**EXERCISE DESCRIPTION**
All lines of the records below that contain the word "pour" must be listed.
### GIVEN INFORMATION ###
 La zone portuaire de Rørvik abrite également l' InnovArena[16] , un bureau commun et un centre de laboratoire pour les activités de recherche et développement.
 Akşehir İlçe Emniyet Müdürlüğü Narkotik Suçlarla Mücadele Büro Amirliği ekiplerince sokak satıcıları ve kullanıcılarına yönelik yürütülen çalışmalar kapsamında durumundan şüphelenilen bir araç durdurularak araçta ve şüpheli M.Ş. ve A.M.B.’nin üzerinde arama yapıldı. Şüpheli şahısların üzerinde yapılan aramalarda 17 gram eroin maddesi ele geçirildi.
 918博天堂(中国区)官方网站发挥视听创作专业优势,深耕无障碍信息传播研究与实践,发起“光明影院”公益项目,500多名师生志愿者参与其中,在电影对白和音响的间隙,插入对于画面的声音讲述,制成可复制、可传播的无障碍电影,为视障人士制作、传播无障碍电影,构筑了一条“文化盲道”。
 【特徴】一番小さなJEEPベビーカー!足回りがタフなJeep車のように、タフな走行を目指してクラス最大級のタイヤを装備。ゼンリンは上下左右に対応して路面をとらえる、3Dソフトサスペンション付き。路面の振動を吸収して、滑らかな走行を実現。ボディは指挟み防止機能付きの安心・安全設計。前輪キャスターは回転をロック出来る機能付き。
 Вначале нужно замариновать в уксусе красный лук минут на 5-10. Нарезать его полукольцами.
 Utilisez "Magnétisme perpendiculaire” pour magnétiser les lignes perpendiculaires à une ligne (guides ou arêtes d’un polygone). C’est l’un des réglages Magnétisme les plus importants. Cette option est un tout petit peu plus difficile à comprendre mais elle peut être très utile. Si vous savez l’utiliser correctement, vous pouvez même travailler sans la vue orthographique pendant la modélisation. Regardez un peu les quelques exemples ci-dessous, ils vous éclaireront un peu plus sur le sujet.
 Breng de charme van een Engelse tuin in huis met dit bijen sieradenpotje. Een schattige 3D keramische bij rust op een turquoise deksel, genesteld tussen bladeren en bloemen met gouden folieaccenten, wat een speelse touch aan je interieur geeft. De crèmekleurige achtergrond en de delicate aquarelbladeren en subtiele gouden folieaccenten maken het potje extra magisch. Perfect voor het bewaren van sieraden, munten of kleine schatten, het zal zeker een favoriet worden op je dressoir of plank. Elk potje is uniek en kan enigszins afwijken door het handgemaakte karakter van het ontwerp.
###
**ANSWER TO THE EXERCISE**
 La zone portuaire de Rørvik abrite également l' InnovArena[16] , un bureau commun et un centre de laboratoire pour les activités de recherche et développement.
 Utilisez "Magnétisme perpendiculaire” pour magnétiser les lignes perpendiculaires à une ligne (guides ou arêtes d’un polygone). C’est l’un des réglages Magnétisme les plus importants. Cette option est un tout petit peu plus difficile à comprendre mais elle peut être très utile. Si vous savez l’utiliser correctement, vous pouvez même travailler sans la vue orthographique pendant la modélisation. Regardez un peu les quelques exemples ci-dessous, ils vous éclaireront un peu plus sur le sujet.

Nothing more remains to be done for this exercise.